** Opening STORED DATA block **
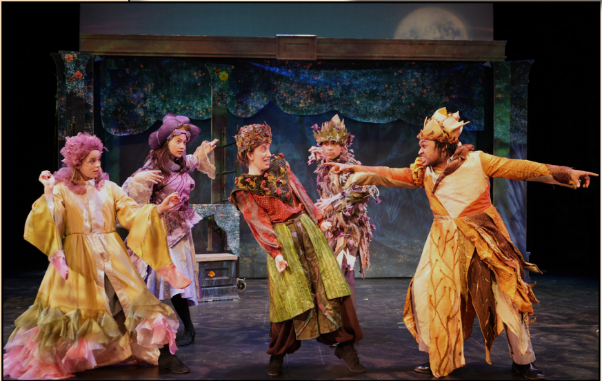
Puck and the Fairies from the 2025 touring production of A Midsummer Night's Dream .

The names of the Mechanicals mostly reflect their occupations. Bottom, the weaver, is named for a skein of yarn or thread, called a "bottom." The name of Quince, the carpenter, suggests "quines," or blocks of wood used by carpenters in building. Flute is a bellows mender-- the bellows has a fluted shape, and was used to compress air to stoke a fire or to produce sound (as in a church organ). Snout, the tinker, would have been a mender of pots, pans and kettles-- the spout of a kettle was often called a "snout" in Shakespeare's time. Snug is a joiner, one who manufactures cabinets and other jointed furniture made of snug-fitting pieces of wood. Finally, in Shakespeare's time, tailors were usually depicted as abjectly poor and thus, rail-thin from hunger— in other words, "starvelings."
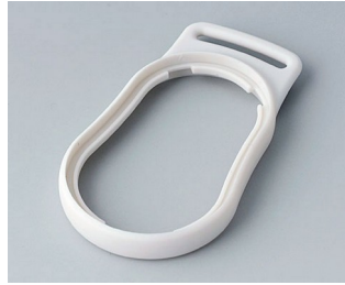
B9002307 Intermediate ring DS SEBS (TPE) off-white RAL 9002
** Closing STORED DATA block **
- AIM OF THE TASK -
In the copy, include no pictures; restate the listing above exactly.

- ANSWER BELOW -
Puck and the Fairies from the 2025 touring production of A Midsummer Night's Dream .

The names of the Mechanicals mostly reflect their occupations. Bottom, the weaver, is named for a skein of yarn or thread, called a "bottom." The name of Quince, the carpenter, suggests "quines," or blocks of wood used by carpenters in building. Flute is a bellows mender-- the bellows has a fluted shape, and was used to compress air to stoke a fire or to produce sound (as in a church organ). Snout, the tinker, would have been a mender of pots, pans and kettles-- the spout of a kettle was often called a "snout" in Shakespeare's time. Snug is a joiner, one who manufactures cabinets and other jointed furniture made of snug-fitting pieces of wood. Finally, in Shakespeare's time, tailors were usually depicted as abjectly poor and thus, rail-thin from hunger— in other words, "starvelings."
B9002307 Intermediate ring DS SEBS (TPE) off-white RAL 9002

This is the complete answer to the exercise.